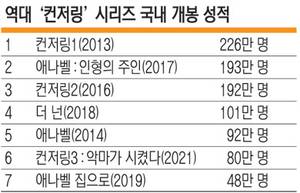 ‘컨저링’ 시리즈는 21세기 가장 성공한 저예산 공포영화다. 제임스 완 감독이 연출한 ‘컨저링1’(2013)은 2000만 달러(약 280억 원)로 제작해 15배가 넘는 글로벌 매출 3억1800만 달러(4400억 원)를 기록했다. 이후 12년 동안 8편의 속편이 나왔고, 각각 악령이 깃든 인형, 수녀 귀신을 등장시킨 ‘애나벨’과 ‘더 넌’ 시리즈가 폭발적 인기를 누렸다.
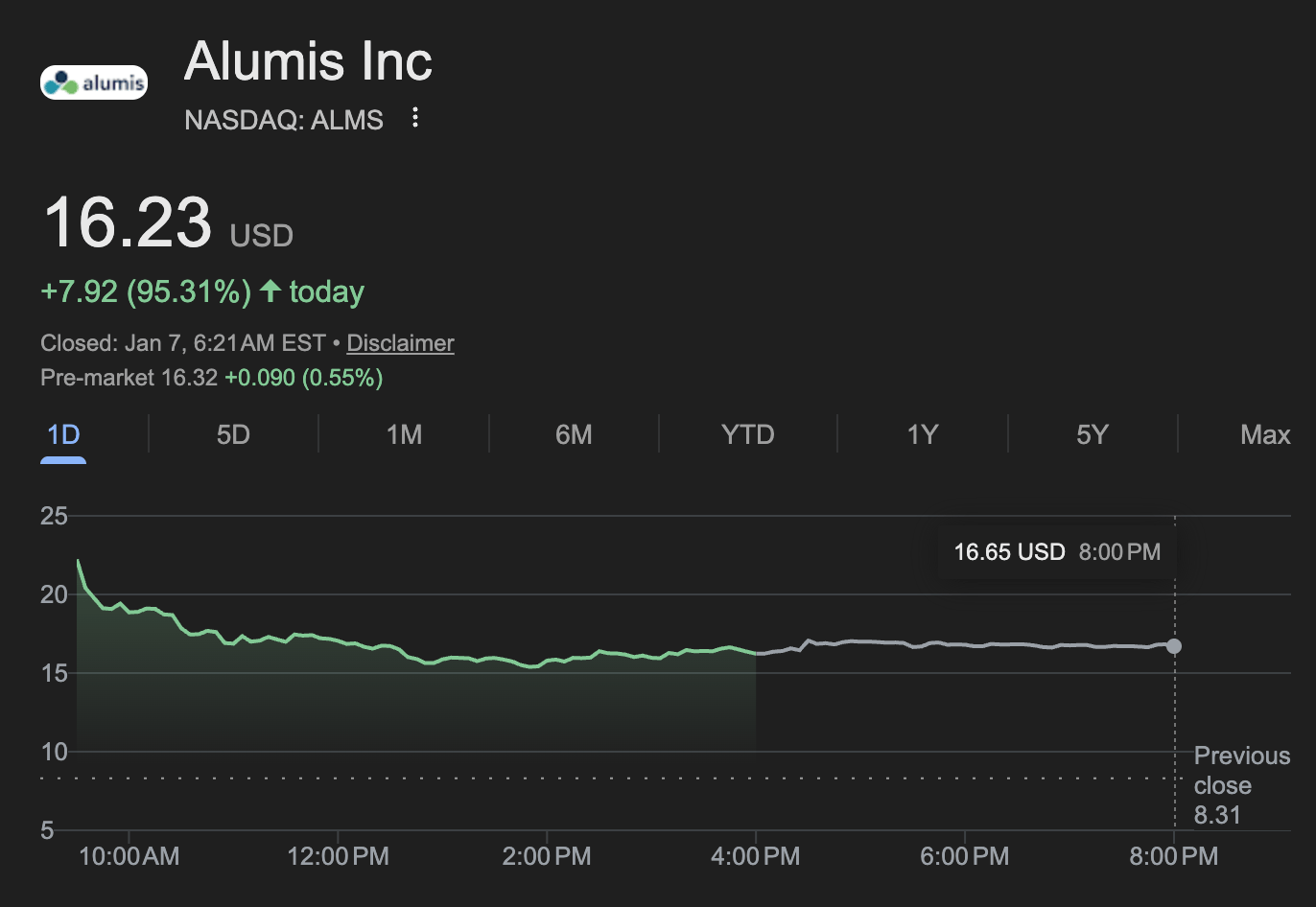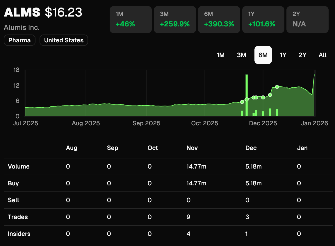 Alumis (ALMS) popped nearly 100% yesterday after Phase 3 psoriasis trial results.
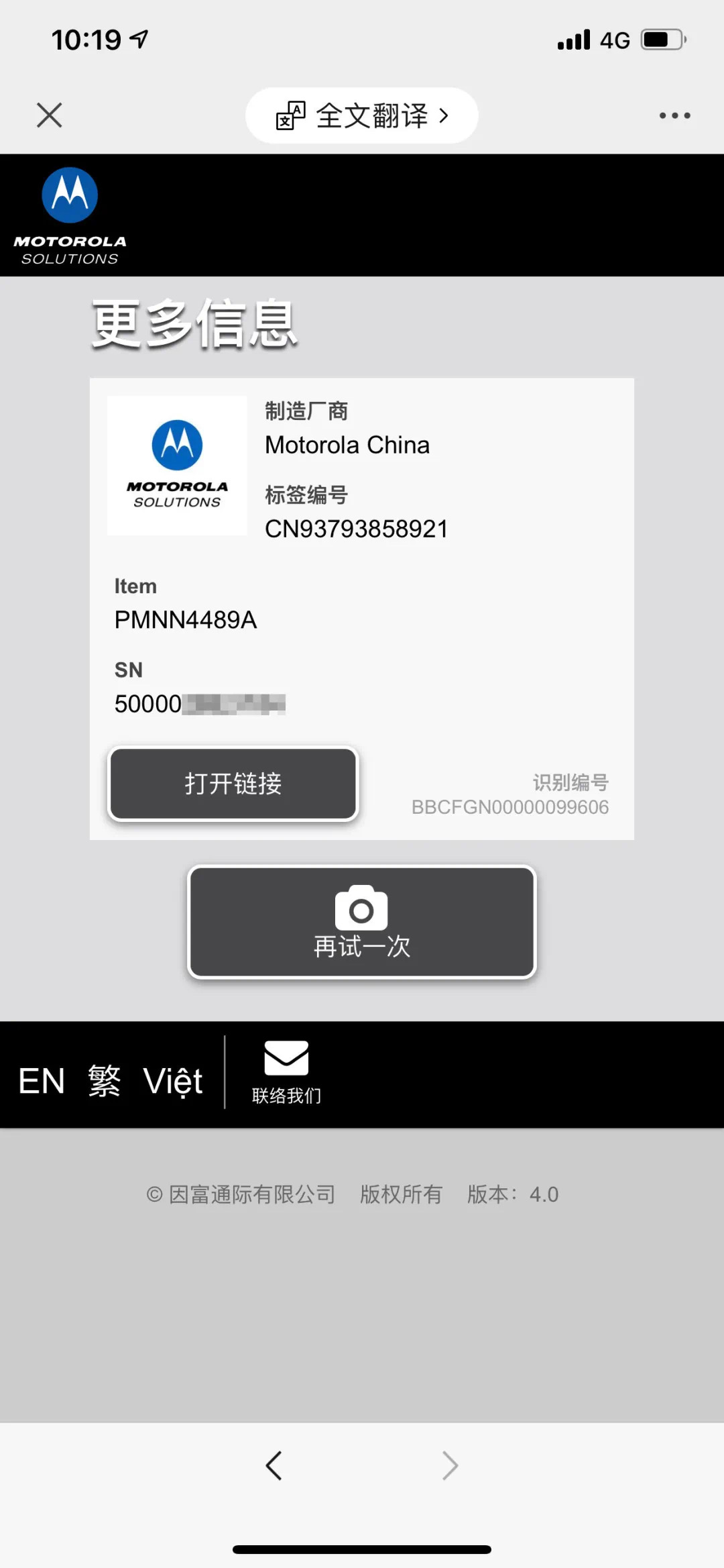 掃描防偽碼后,您可以獲得包含型號、序列號等豐富的產(chǎn)品信息;
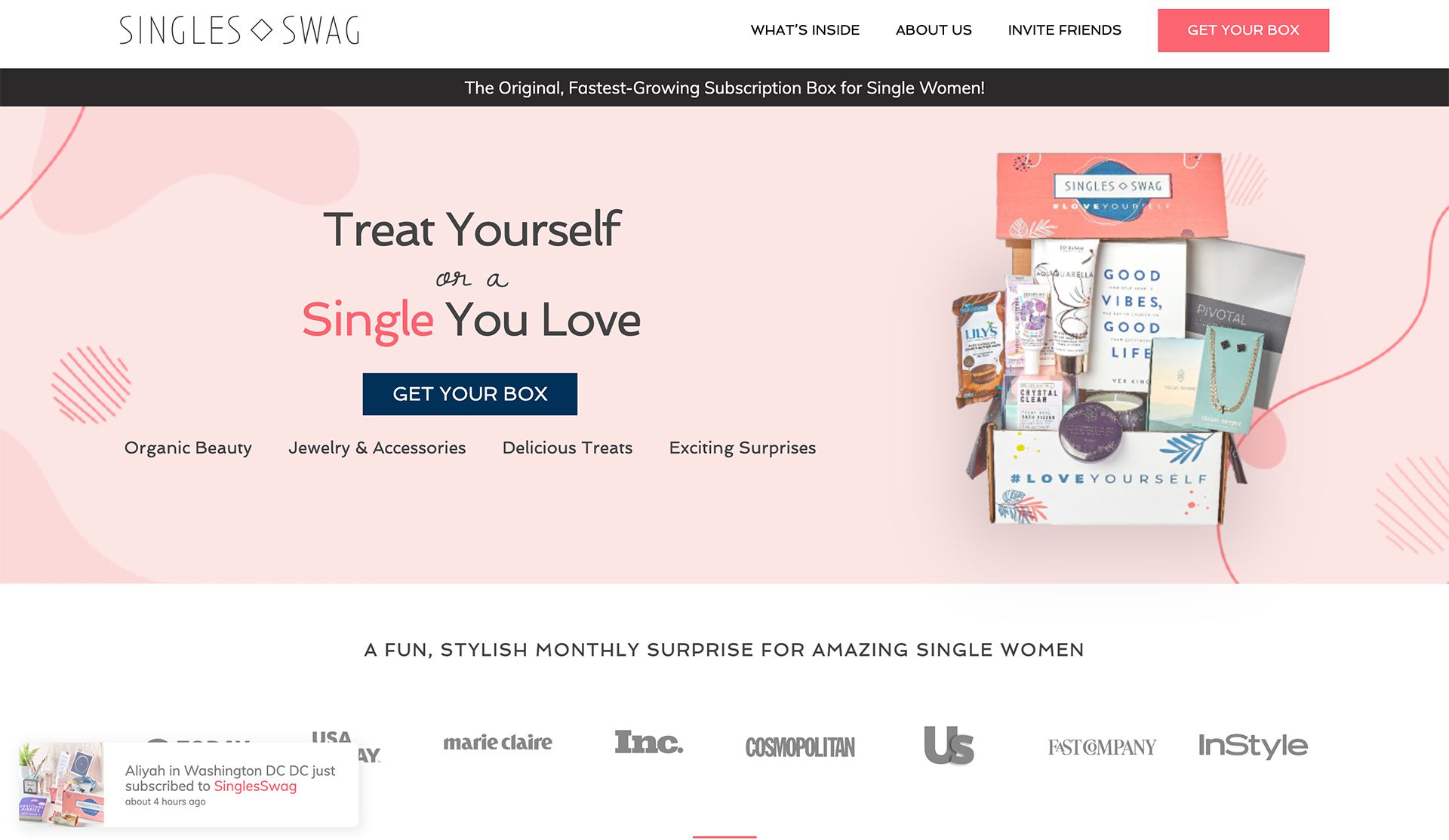 “SinglesSwag is the first and largest monthly subscription service designed for single women. Boxes feature hand-selected, full-sized items from categories like organic beauty, cosmetics, jewelry and fashion accessories, books, treats, and a lot more.”
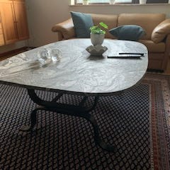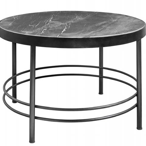 Sælger vores flotte runde sofabord i marmor-look med messing stel.
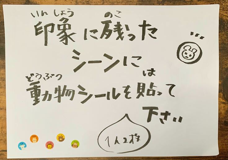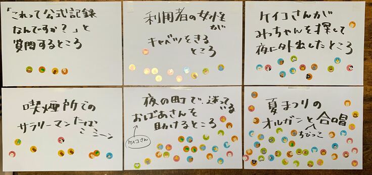 映画「ケアニン」から、6つのシーンをピックアップして、来場者が帰りに「印象に残ったシーンに動物シールを貼る」というアクティビティを行いました。 後半ほど印象に残った人が多い結果になりましたが、「利用者の女性がキャベツを切るシーン」と「ケイコさんがみっちゃんを探して夜に外出したシーン」が、同じくらいの数だったことも要注目です。

——

**PROBLEM STATEMENT**:
Set down every record word for word and leave out the pictures.

**RESPONSE TO THE TASK**:
 ‘컨저링’ 시리즈는 21세기 가장 성공한 저예산 공포영화다. 제임스 완 감독이 연출한 ‘컨저링1’(2013)은 2000만 달러(약 280억 원)로 제작해 15배가 넘는 글로벌 매출 3억1800만 달러(4400억 원)를 기록했다. 이후 12년 동안 8편의 속편이 나왔고, 각각 악령이 깃든 인형, 수녀 귀신을 등장시킨 ‘애나벨’과 ‘더 넌’ 시리즈가 폭발적 인기를 누렸다.
 Alumis (ALMS) popped nearly 100% yesterday after Phase 3 psoriasis trial results.
 掃描防偽碼后,您可以獲得包含型號、序列號等豐富的產(chǎn)品信息;
 “SinglesSwag is the first and largest monthly subscription service designed for single women. Boxes feature hand-selected, full-sized items from categories like organic beauty, cosmetics, jewelry and fashion accessories, books, treats, and a lot more.”
 Sælger vores flotte runde sofabord i marmor-look med messing stel.
 映画「ケアニン」から、6つのシーンをピックアップして、来場者が帰りに「印象に残ったシーンに動物シールを貼る」というアクティビティを行いました。 後半ほど印象に残った人が多い結果になりましたが、「利用者の女性がキャベツを切るシーン」と「ケイコさんがみっちゃんを探して夜に外出したシーン」が、同じくらいの数だったことも要注目です。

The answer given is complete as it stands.